K.I.S.S. became my motto: “Keep It Simple Seeker.” It helped keep the overwhelming feelings away as I sought out mentors, teachers who were amazing examples, books, blogs, and articles.
Here are two powerful bullseyes for parents like me who need clear and concise ways to raise successful, happy, and confident children.
1.SET AN EXAMPLE
The first bullseye is to set an example. Our kids watch every move we make. They learn how to relate to the world through us. The most rewarding, all encompassing, and effective way to teach our kids is through our example, and the most fulfilling example we found was what we like to call “catching CATCH-M.” “Catching CATCH-M” is to radiate a BIG BELLY SMILE that comes all the way up from your belly through your chest, and shines from your face a connection to and belief in yourself, in your dreams, and in something bigger—God, faith, hope, or your wished-upon star that is out there watching over you and guiding you.

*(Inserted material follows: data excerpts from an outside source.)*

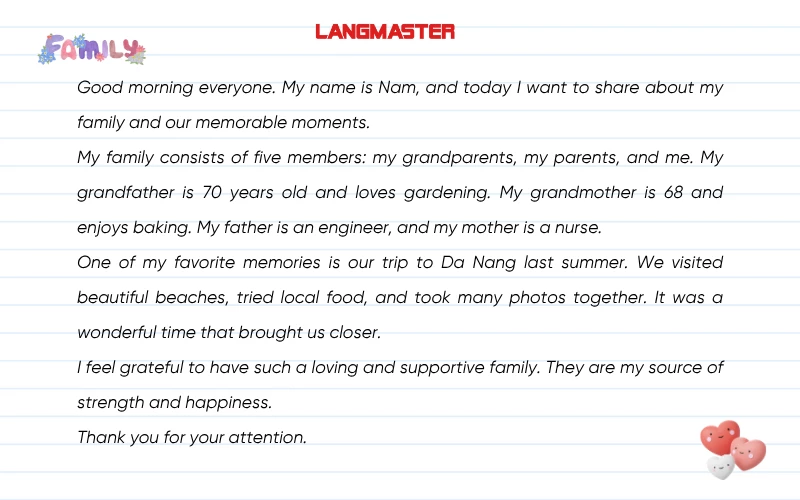 Chào buổi sáng mọi người. Mình tên là Nam, và hôm nay mình muốn chia sẻ về gia đình và những kỷ niệm đáng nhớ của chúng mình.
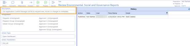 Descriptions can only be entered by Administrators. After the task is published, task Preparers and Approvers can view descriptions, but cannot add or edit descriptions.
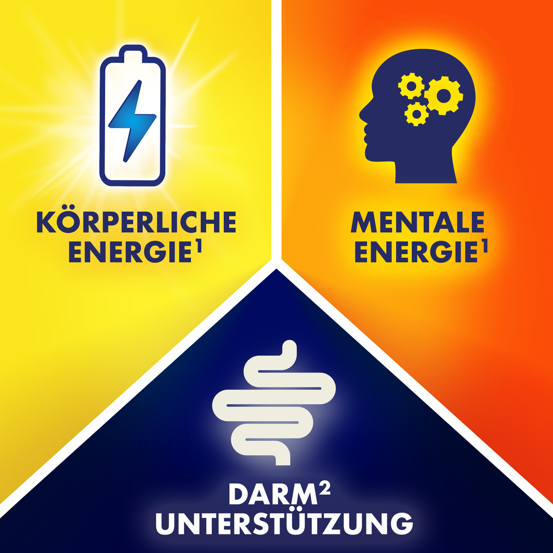 ENERGIE AUS DEM BAUCH HERAUS: Vitamin B2, Biotin zur Unterstützung des Darms2; B12, B6, C zur Freisetzung körperlicher und mentaler Energie1, Eisen, Zink zur Unterstützung der kognitiven Funktionen.
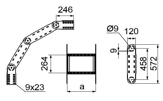 Zmiana kierunku prowadzenia trasy kablowej. Regulacja kąta w pełnym zakresie z blokadą.
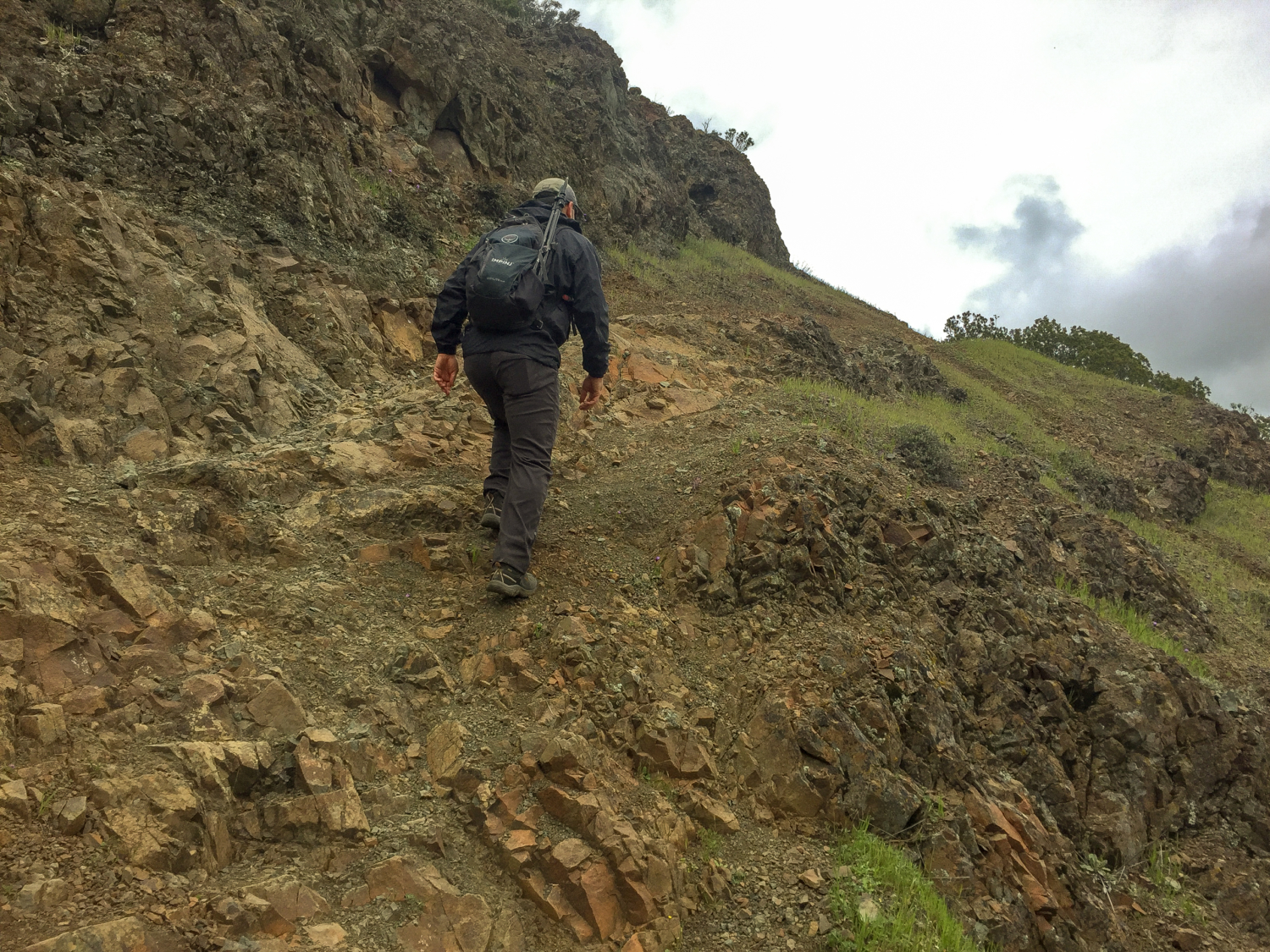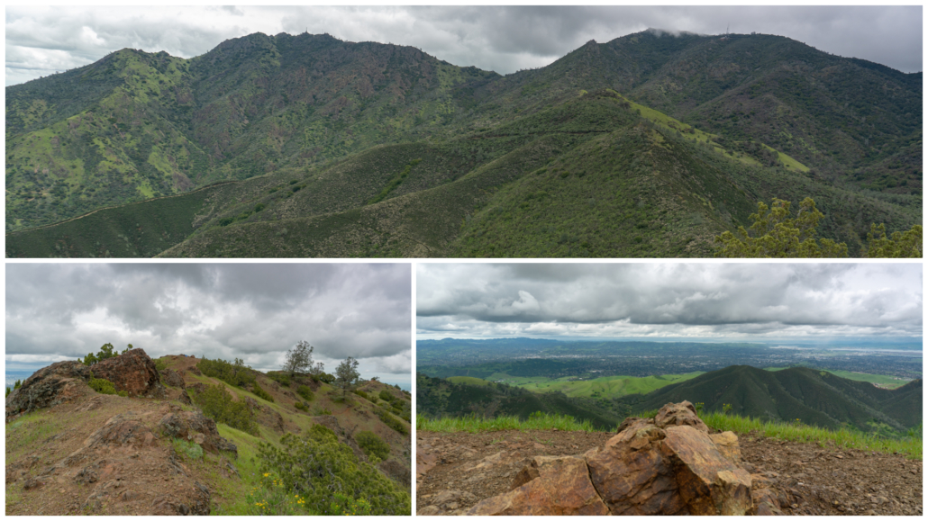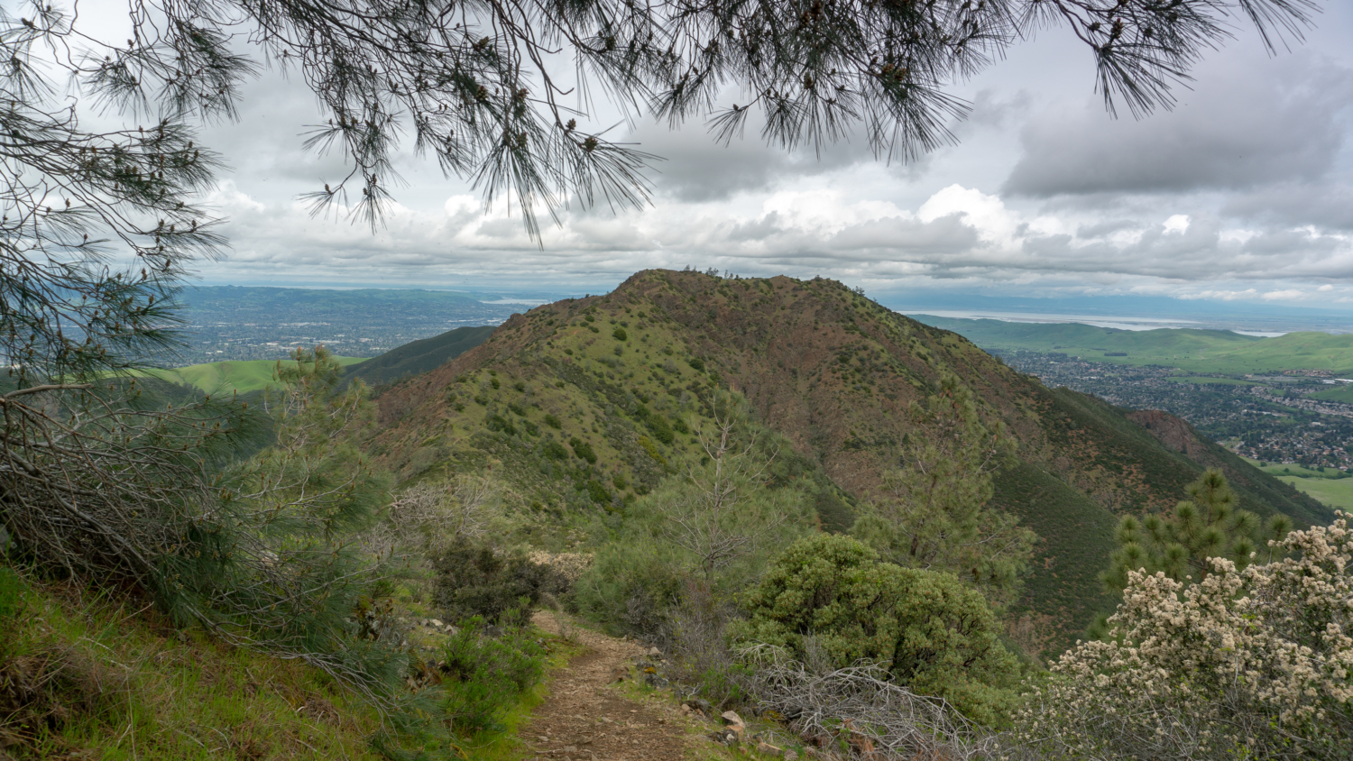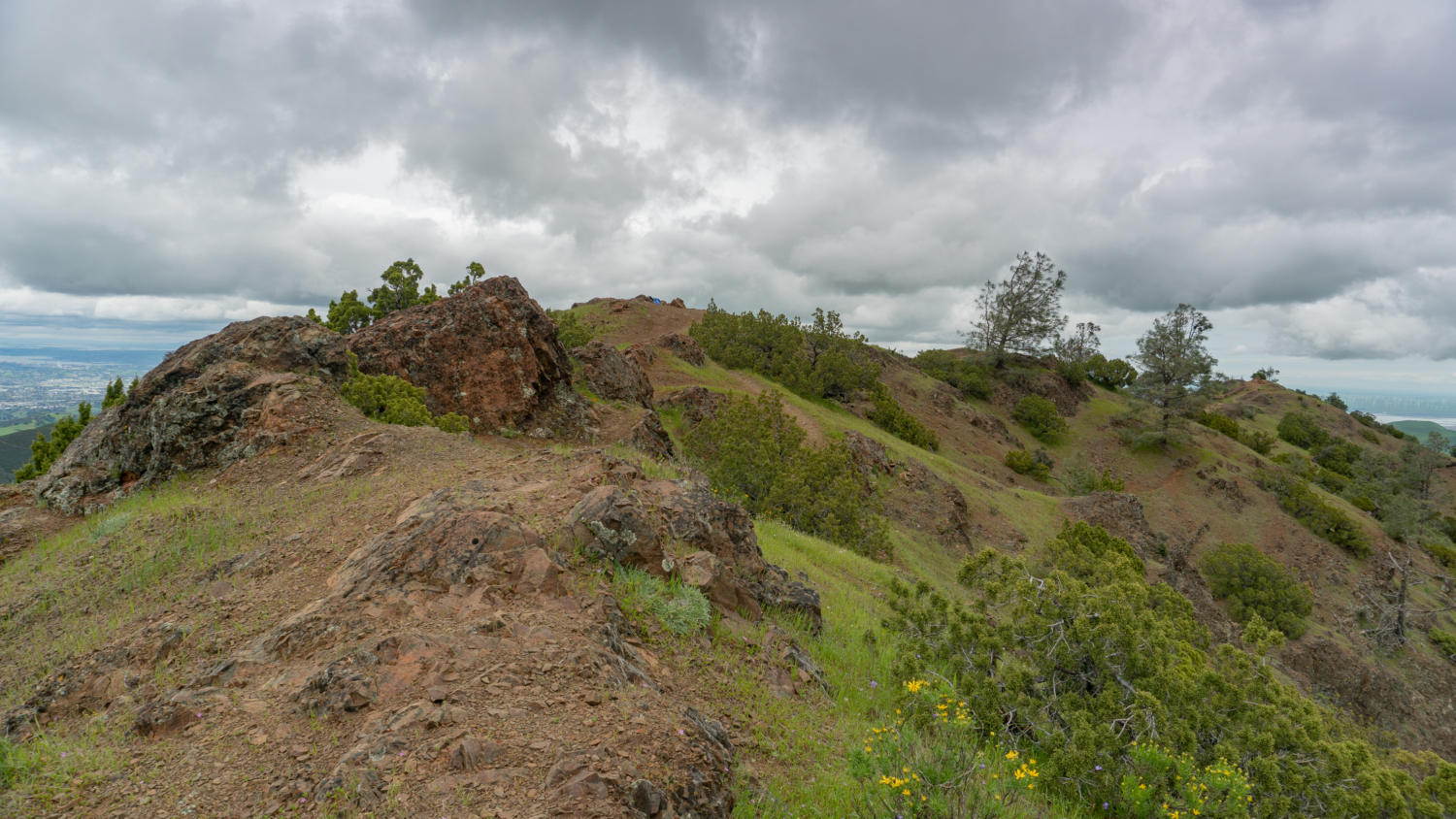 After one last stretch of steep rock, reach Eagle Peak at 5.5 miles and 2,369 feet. Rock outcrops here make great sites for picnicking, with views northwest of Mount Tamalpais on a clear day and the Mount Diablo foothills. Behind you to the south is the M-shaped outline of North Peak and Mount Diablo summit, where you can just make out the summit beacon.
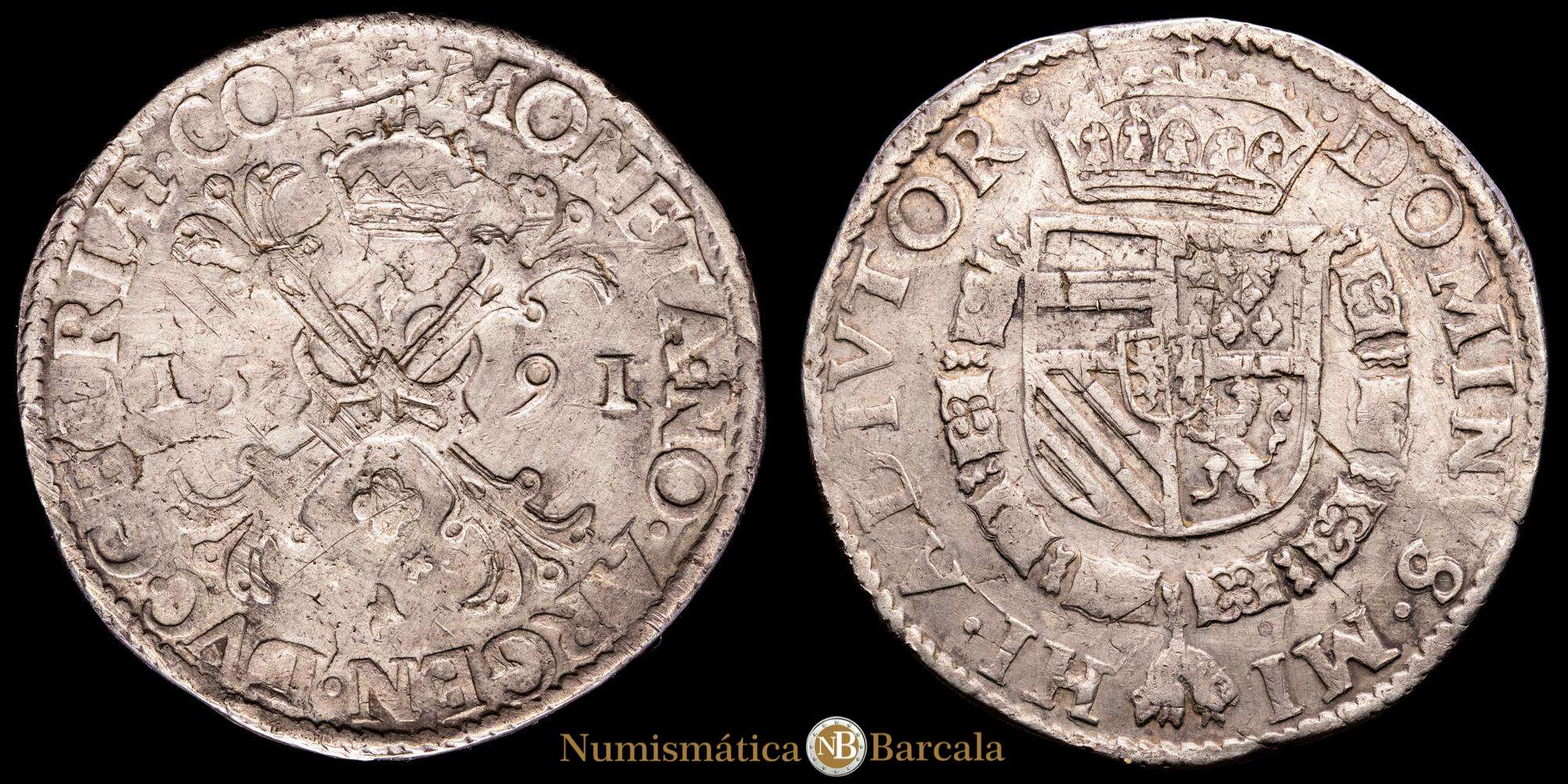 Felipe II. 1 Escudo. (28,53 g.). Nimega. 1591. Vicenti-1362. MBC. 40 mm. Raro
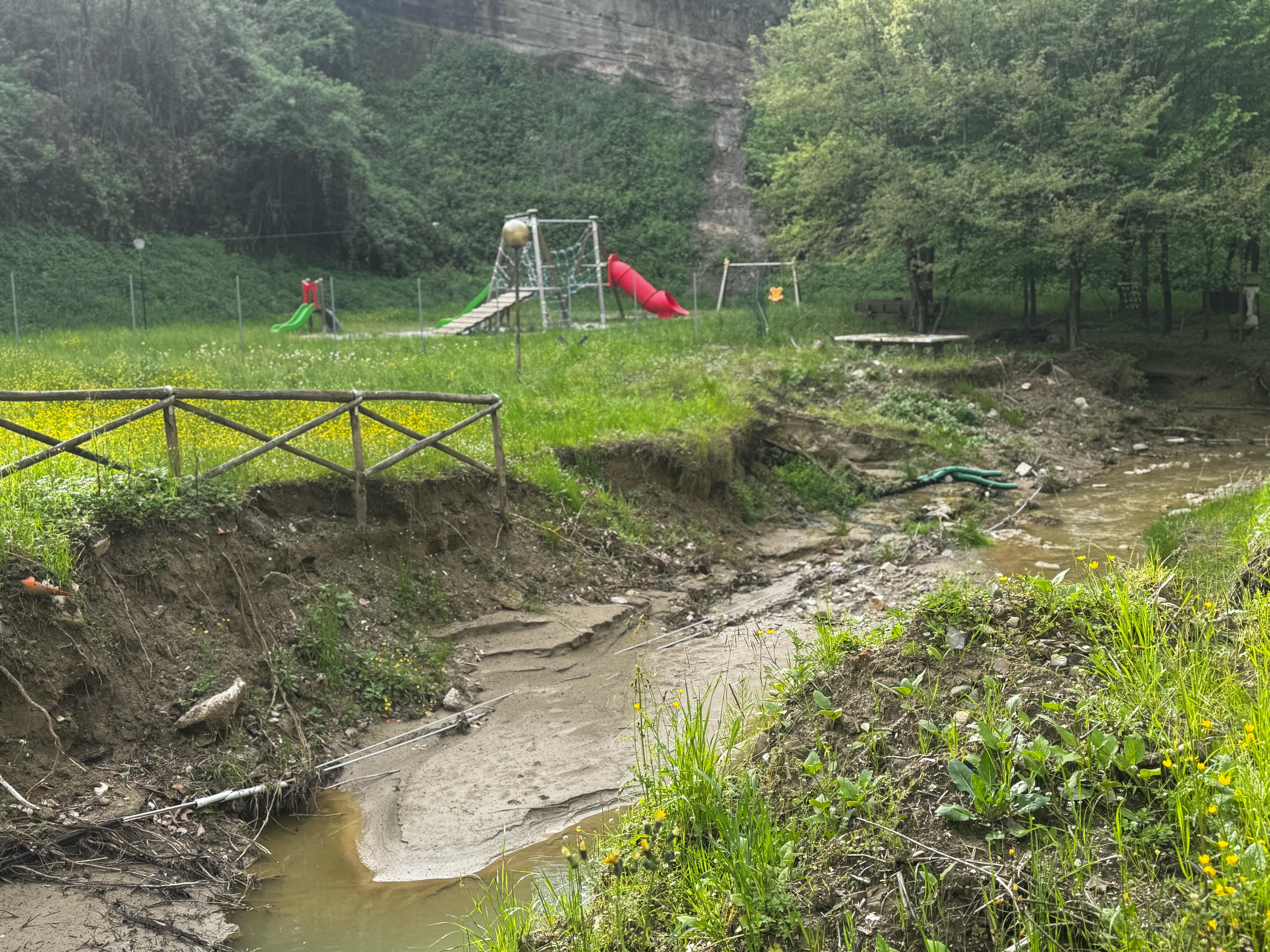 L’area “Conca Verde”, dove sorge il complesso della piscina, ha avuto grossi danni per il sormonto delle sponde da parte del rio Colombarino, affluente del Santerno, e per le interferenze con ponti o sovrappassi.

I realized after watching different parents, my mentors, and some great teachers that the way they were able to achieve these beautiful, radiant, and contagious smiles was by knowing who they are, their fears, their pain, their joys, their gifts, why they are here, what their dreams might be, and how they plan to achieve them. They weren’t even that concerned with the outcome because they were challenging themselves, learning new things, meeting new people, growing, evolving. They were celebrating their life. No wonder I kept looking to them to figure out how best to parent. What a great way to live. No need to compare. No concern for naysayers. No real stress. What an example to set, and life skill for my children to learn.
Chasing a dream is a great adventure. The thrill, challenge, and utter vulnerability of daring to get in the arena of life and to have my face married with dust and sweat, while keeping a BIG BELLY SMILE and trust, has become a valuable gift. To watch my kids’ faces as they see me chase after my dreams, while consciously choosing to “catch CATCH-M”, makes whatever the outcome a huge success. They see me succeed, fail, and they even help me get back in the arena to keep trying. “WE” become our own little team, helping each other. And as we do, we learn that our BIG BELLY SMILES have a way of being contagious. They allow for the freedom and fun of hard work with lasting memories as we chase our dreams together. They create meaningful connection, and they help each one of us to remember to celebrate as we share in living our best lives.
2. SET A GOAL
The second bullseye is to set goals. The single most important goal we found is to take the time to share a BIG BELLY SMILE with our kids everyday. My motto is “No matter what kind of day you have had, hardship or heartache, you can always find the best part.”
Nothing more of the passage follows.